Set the data below down again, exactly, with every picture left out.
==== INFORMATION SHOWN ====
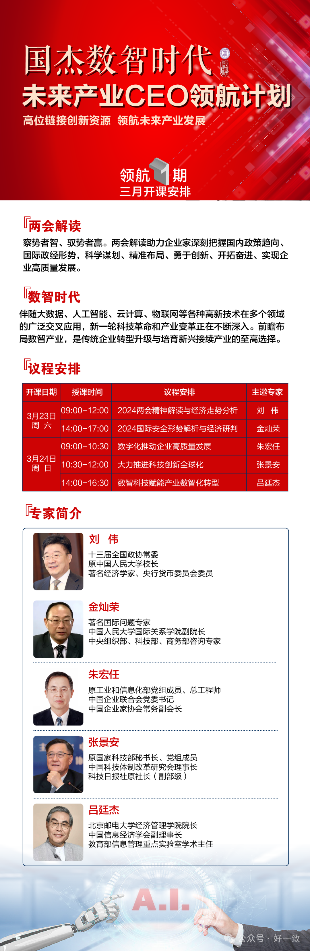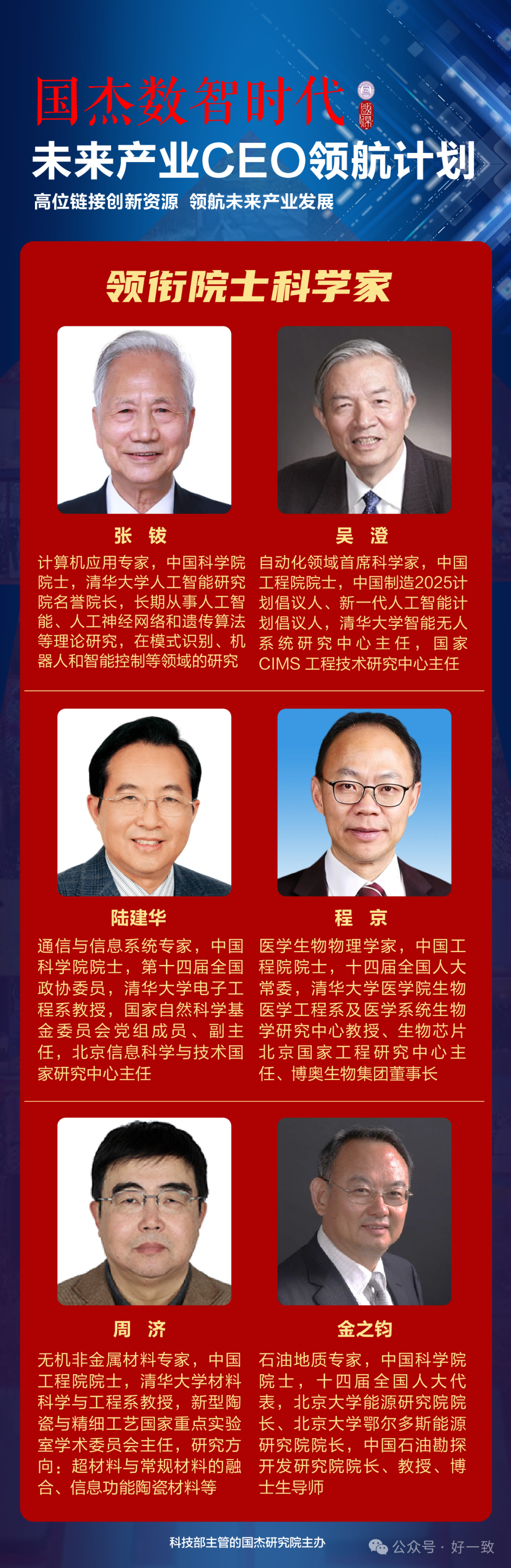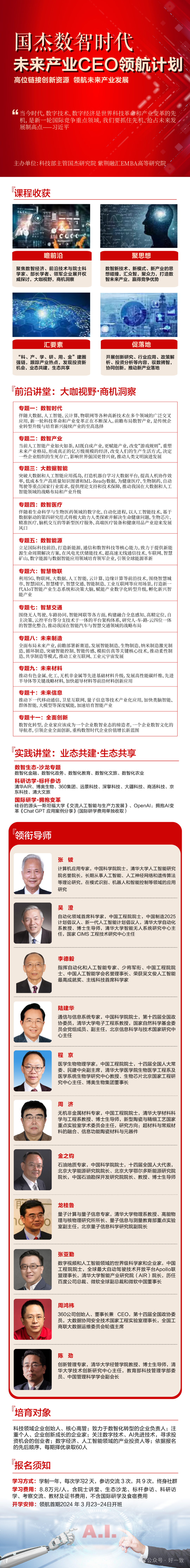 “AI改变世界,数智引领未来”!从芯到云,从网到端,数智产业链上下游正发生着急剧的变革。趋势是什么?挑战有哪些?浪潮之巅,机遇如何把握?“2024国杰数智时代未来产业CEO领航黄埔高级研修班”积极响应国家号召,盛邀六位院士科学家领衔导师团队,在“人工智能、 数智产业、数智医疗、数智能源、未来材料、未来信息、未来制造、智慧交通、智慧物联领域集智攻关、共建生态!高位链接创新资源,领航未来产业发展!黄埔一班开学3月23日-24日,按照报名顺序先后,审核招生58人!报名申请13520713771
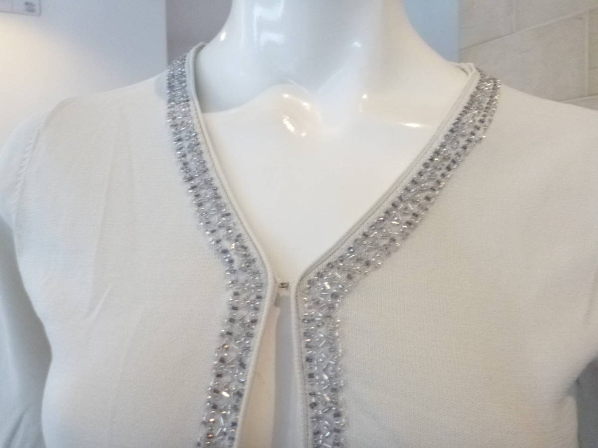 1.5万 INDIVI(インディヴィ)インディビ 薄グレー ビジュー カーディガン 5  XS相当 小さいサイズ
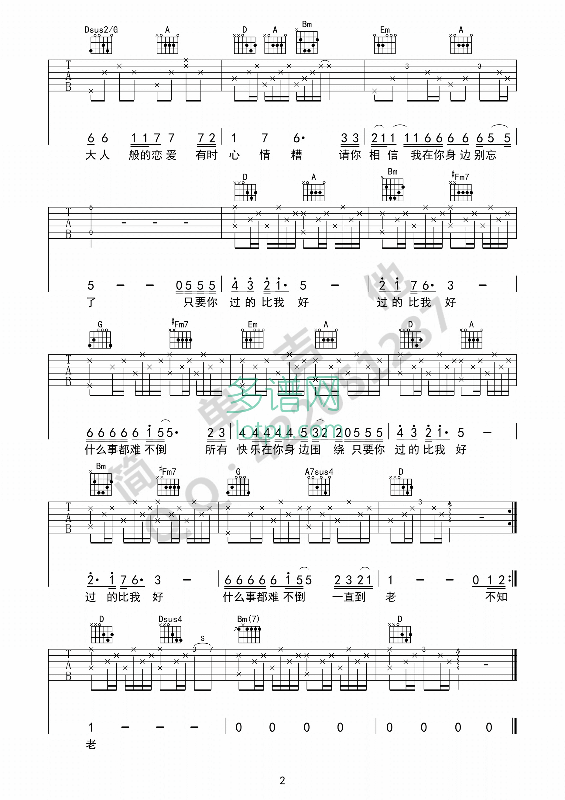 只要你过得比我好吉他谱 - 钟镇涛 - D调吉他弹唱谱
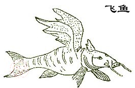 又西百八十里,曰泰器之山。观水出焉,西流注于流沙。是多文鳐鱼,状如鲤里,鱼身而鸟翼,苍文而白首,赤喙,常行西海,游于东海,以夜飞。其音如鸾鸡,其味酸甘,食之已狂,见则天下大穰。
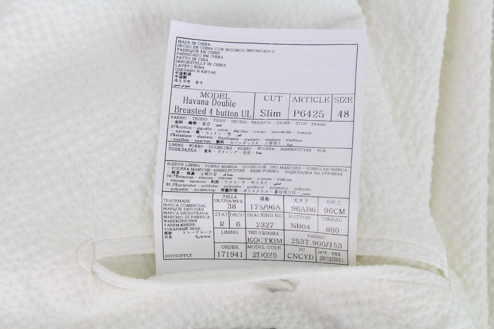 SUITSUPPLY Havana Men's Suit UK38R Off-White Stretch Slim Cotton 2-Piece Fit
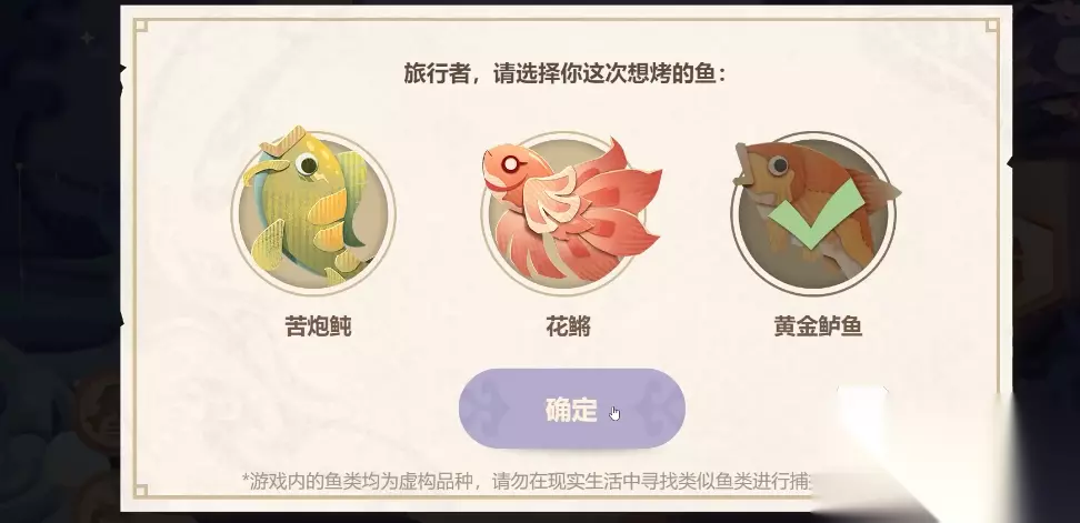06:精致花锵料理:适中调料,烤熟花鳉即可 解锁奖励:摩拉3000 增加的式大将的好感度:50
====
→ ANSWER TO THIS TASK
 “AI改变世界,数智引领未来”!从芯到云,从网到端,数智产业链上下游正发生着急剧的变革。趋势是什么?挑战有哪些?浪潮之巅,机遇如何把握?“2024国杰数智时代未来产业CEO领航黄埔高级研修班”积极响应国家号召,盛邀六位院士科学家领衔导师团队,在“人工智能、 数智产业、数智医疗、数智能源、未来材料、未来信息、未来制造、智慧交通、智慧物联领域集智攻关、共建生态!高位链接创新资源,领航未来产业发展!黄埔一班开学3月23日-24日,按照报名顺序先后,审核招生58人!报名申请13520713771
 1.5万 INDIVI(インディヴィ)インディビ 薄グレー ビジュー カーディガン 5  XS相当 小さいサイズ
 只要你过得比我好吉他谱 - 钟镇涛 - D调吉他弹唱谱
 又西百八十里,曰泰器之山。观水出焉,西流注于流沙。是多文鳐鱼,状如鲤里,鱼身而鸟翼,苍文而白首,赤喙,常行西海,游于东海,以夜飞。其音如鸾鸡,其味酸甘,食之已狂,见则天下大穰。
 SUITSUPPLY Havana Men's Suit UK38R Off-White Stretch Slim Cotton 2-Piece Fit
06:精致花锵料理:适中调料,烤熟花鳉即可 解锁奖励:摩拉3000 增加的式大将的好感度:50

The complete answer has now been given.